··· Given data ···

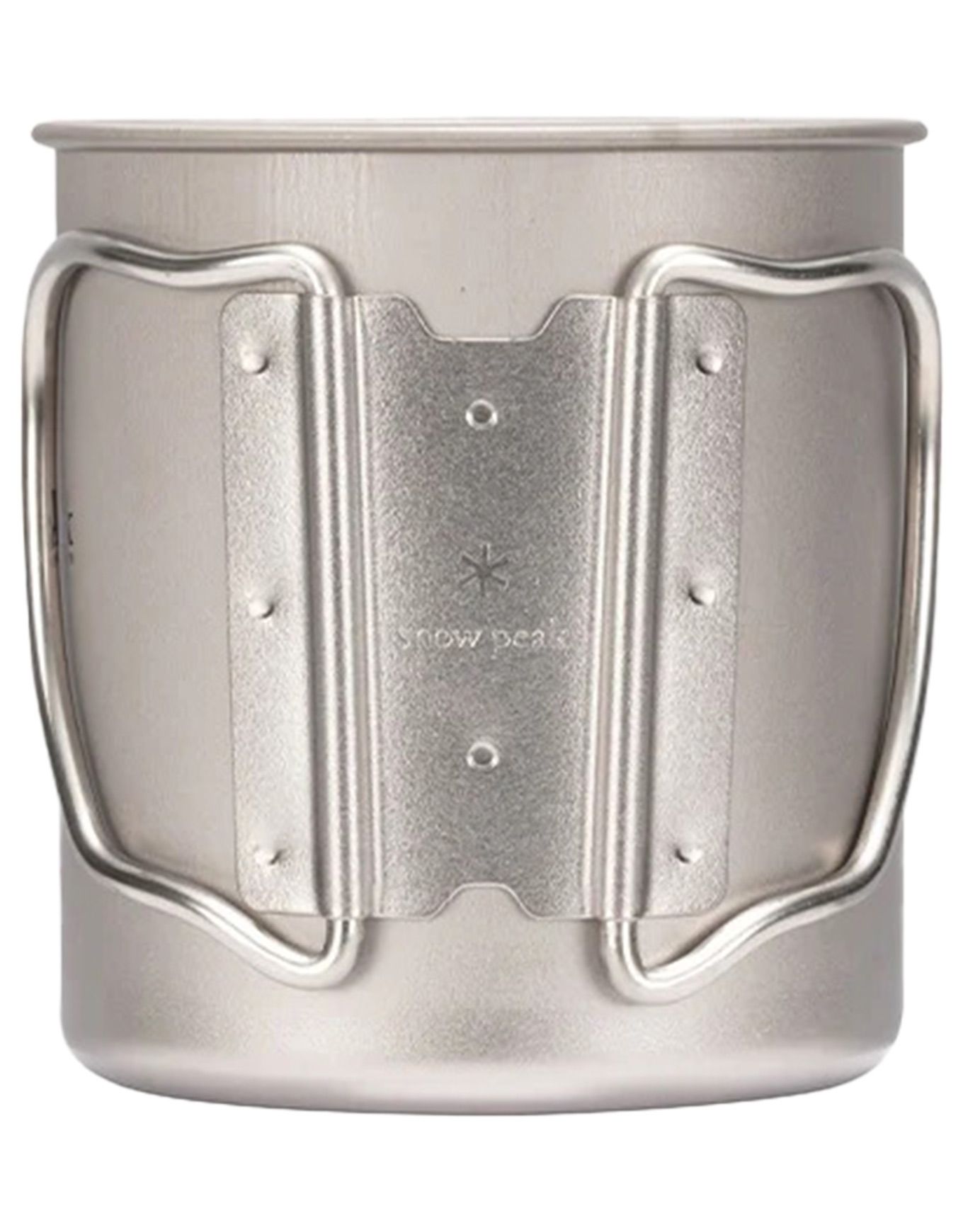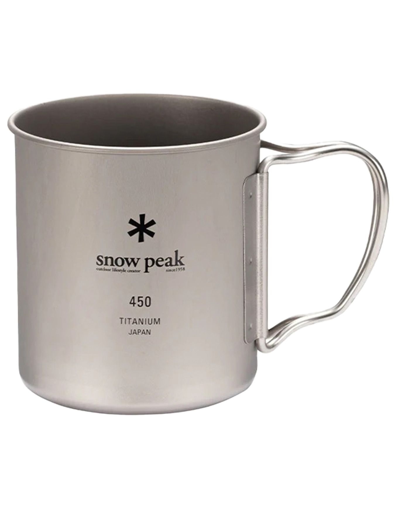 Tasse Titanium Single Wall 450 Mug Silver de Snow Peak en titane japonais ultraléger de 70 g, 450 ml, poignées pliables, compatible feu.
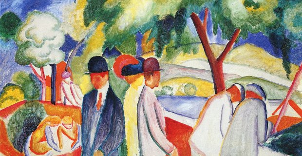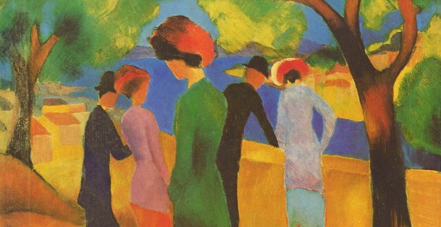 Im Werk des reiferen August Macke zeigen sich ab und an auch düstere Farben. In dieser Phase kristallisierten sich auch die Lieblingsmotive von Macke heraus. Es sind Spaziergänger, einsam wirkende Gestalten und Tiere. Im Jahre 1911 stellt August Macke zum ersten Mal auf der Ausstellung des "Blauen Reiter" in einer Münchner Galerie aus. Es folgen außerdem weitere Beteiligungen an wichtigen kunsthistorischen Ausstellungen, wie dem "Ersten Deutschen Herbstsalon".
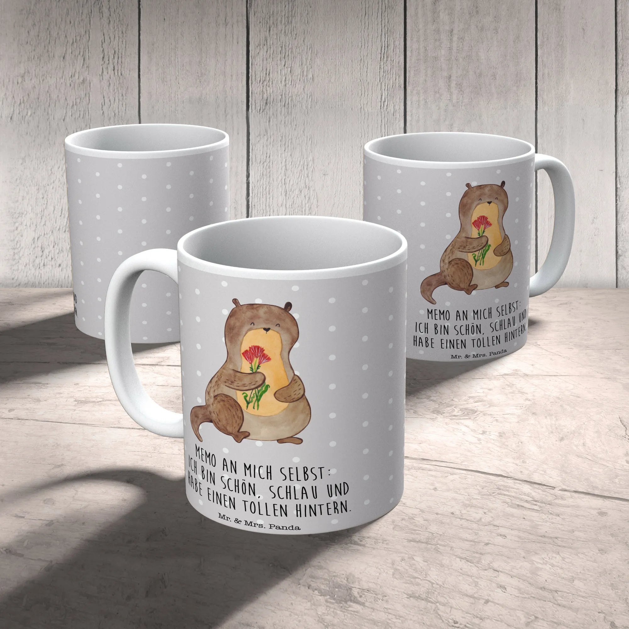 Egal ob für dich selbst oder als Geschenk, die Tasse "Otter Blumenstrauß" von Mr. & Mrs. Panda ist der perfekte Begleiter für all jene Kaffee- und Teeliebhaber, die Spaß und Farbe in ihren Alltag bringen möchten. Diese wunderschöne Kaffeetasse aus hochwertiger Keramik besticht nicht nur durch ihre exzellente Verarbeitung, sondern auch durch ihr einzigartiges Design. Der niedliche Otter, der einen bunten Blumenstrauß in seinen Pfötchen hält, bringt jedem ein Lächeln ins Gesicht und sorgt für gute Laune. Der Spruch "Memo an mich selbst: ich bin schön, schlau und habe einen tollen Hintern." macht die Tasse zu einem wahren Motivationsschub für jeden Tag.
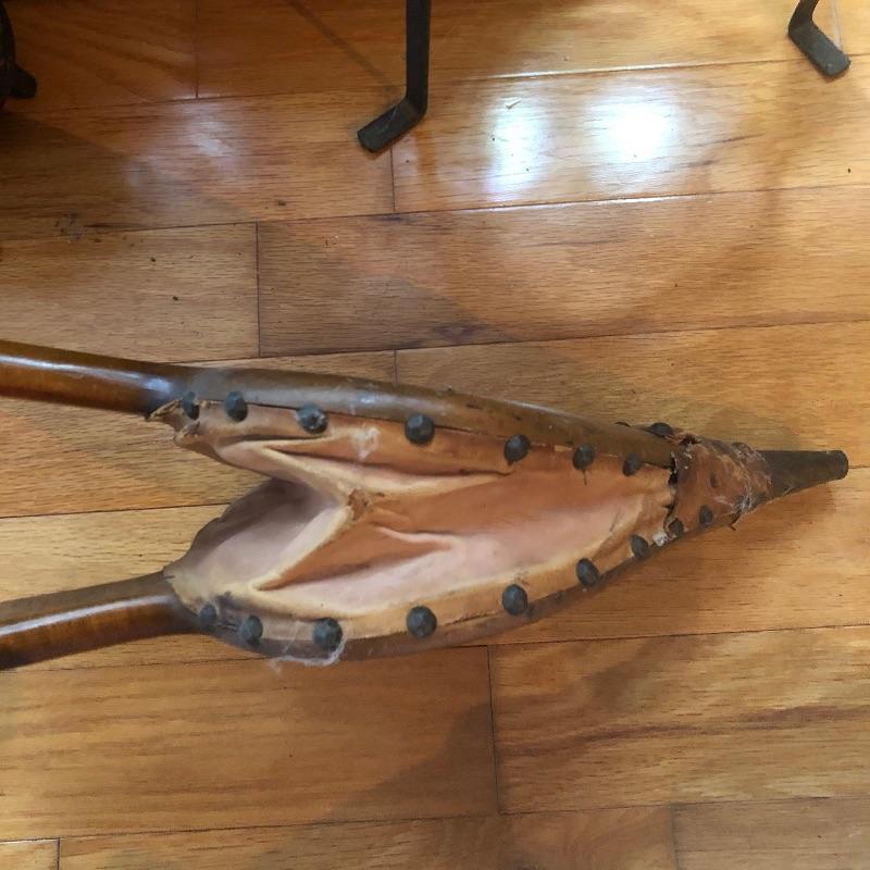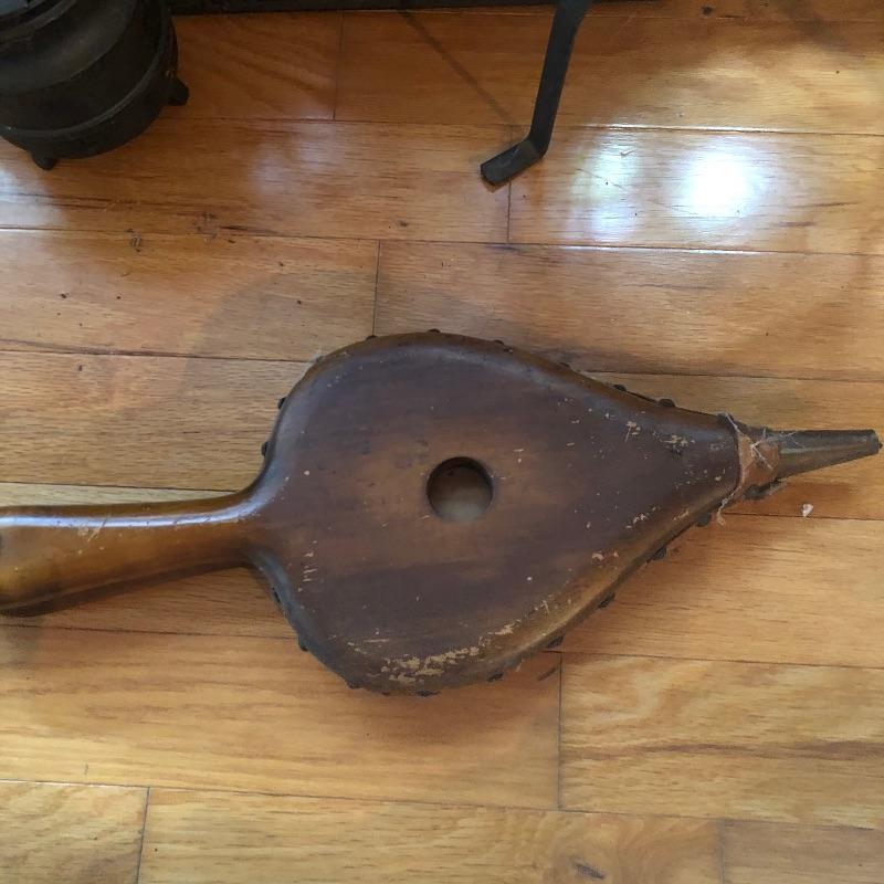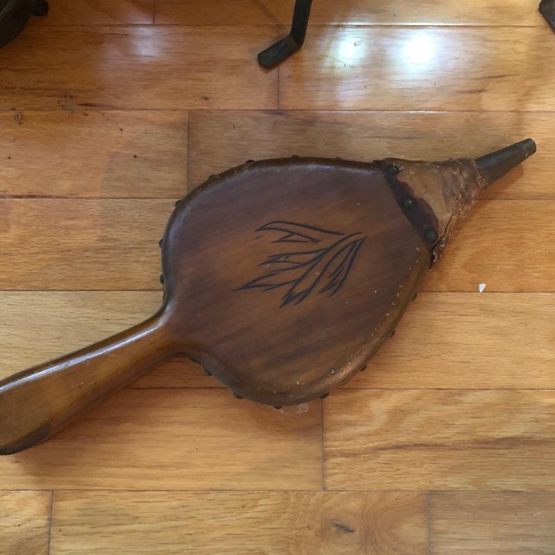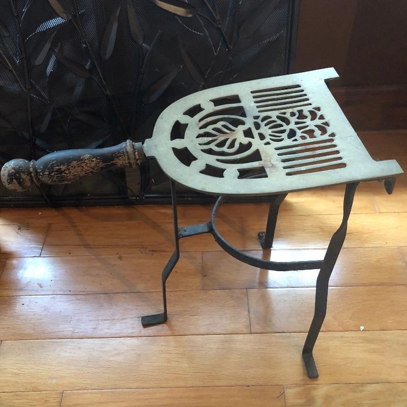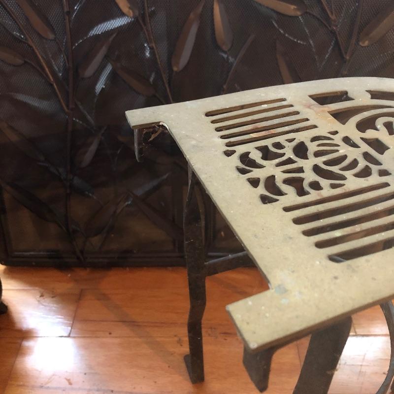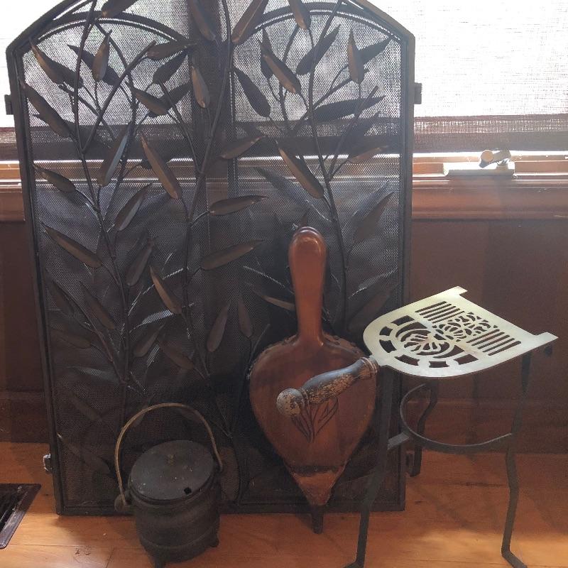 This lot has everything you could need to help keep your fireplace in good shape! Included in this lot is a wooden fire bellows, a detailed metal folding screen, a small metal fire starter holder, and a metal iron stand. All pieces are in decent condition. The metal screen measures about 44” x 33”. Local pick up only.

···

Instructions to follow — Write out exactly the run of lines above that starts at the line containing "Im Werk des" and ends at the line containing "Egal ob für". Include both, and leave the pictures out.

Reply —
 Im Werk des reiferen August Macke zeigen sich ab und an auch düstere Farben. In dieser Phase kristallisierten sich auch die Lieblingsmotive von Macke heraus. Es sind Spaziergänger, einsam wirkende Gestalten und Tiere. Im Jahre 1911 stellt August Macke zum ersten Mal auf der Ausstellung des "Blauen Reiter" in einer Münchner Galerie aus. Es folgen außerdem weitere Beteiligungen an wichtigen kunsthistorischen Ausstellungen, wie dem "Ersten Deutschen Herbstsalon".
 Egal ob für dich selbst oder als Geschenk, die Tasse "Otter Blumenstrauß" von Mr. & Mrs. Panda ist der perfekte Begleiter für all jene Kaffee- und Teeliebhaber, die Spaß und Farbe in ihren Alltag bringen möchten. Diese wunderschöne Kaffeetasse aus hochwertiger Keramik besticht nicht nur durch ihre exzellente Verarbeitung, sondern auch durch ihr einzigartiges Design. Der niedliche Otter, der einen bunten Blumenstrauß in seinen Pfötchen hält, bringt jedem ein Lächeln ins Gesicht und sorgt für gute Laune. Der Spruch "Memo an mich selbst: ich bin schön, schlau und habe einen tollen Hintern." macht die Tasse zu einem wahren Motivationsschub für jeden Tag.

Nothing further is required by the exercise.